_Problem to solve_
Everything in the listing below must be set down again exactly, apart from the pictures.

_Supplied information_
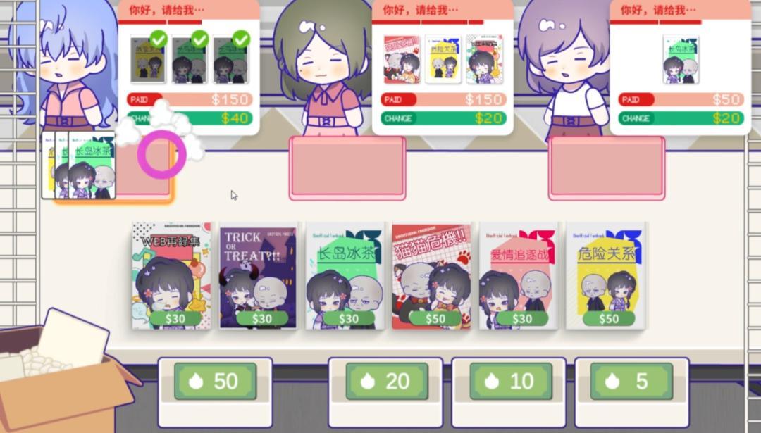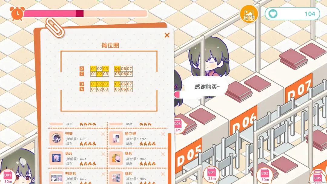 遊戲裏將會舉辦各種大大小小的漫展。你既可以是熱衷買買買的顧客。提前瞭解每個展子、每個攤位售出的穀子,並且成爲時間管理大師,以最短的時間、最快的速度穿梭於攤位之間。
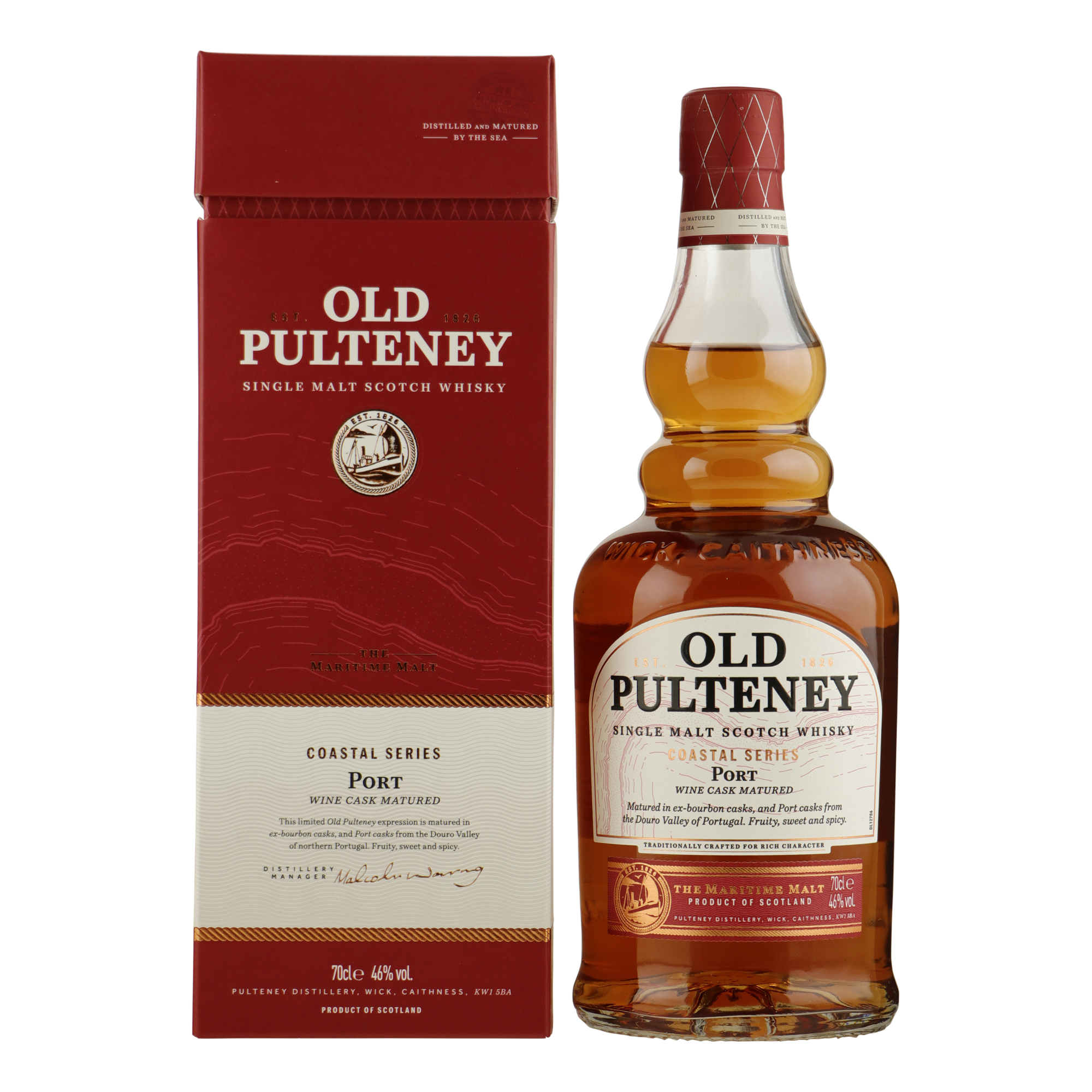 De 2e batch van de Old Pulteney Coastal Series heeft een finish ondergaan op zowel Ruby Port Pipes als Ruby Port Barriques. Deze vaten waren in het verleden gevuld met de beroemde zoete rode versterkte wijnen uit de Douro-vallei in het noorden van Portugal.
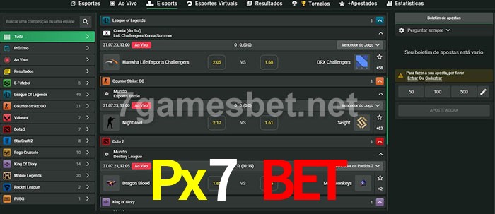 O Px7 Bet oferece uma grande seleção de opções de apostas em e-sports com probabilidades competitivas
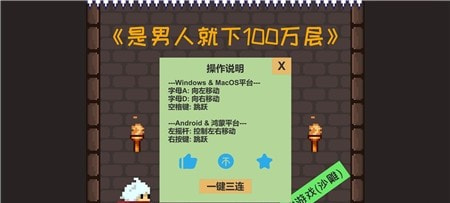 《是男人就下100万层》是一款全新的像素风冒险闯关休闲游戏。在游戏里,有着丰富多样的挑战关卡,凭借矫健的身手,你能不断躲开更多危险,顺利进入上一层,如此才能通关。整个游戏过程刺激又精彩。

_Answer area_
 遊戲裏將會舉辦各種大大小小的漫展。你既可以是熱衷買買買的顧客。提前瞭解每個展子、每個攤位售出的穀子,並且成爲時間管理大師,以最短的時間、最快的速度穿梭於攤位之間。
 De 2e batch van de Old Pulteney Coastal Series heeft een finish ondergaan op zowel Ruby Port Pipes als Ruby Port Barriques. Deze vaten waren in het verleden gevuld met de beroemde zoete rode versterkte wijnen uit de Douro-vallei in het noorden van Portugal.
 O Px7 Bet oferece uma grande seleção de opções de apostas em e-sports com probabilidades competitivas
 《是男人就下100万层》是一款全新的像素风冒险闯关休闲游戏。在游戏里,有着丰富多样的挑战关卡,凭借矫健的身手,你能不断躲开更多危险,顺利进入上一层,如此才能通关。整个游戏过程刺激又精彩。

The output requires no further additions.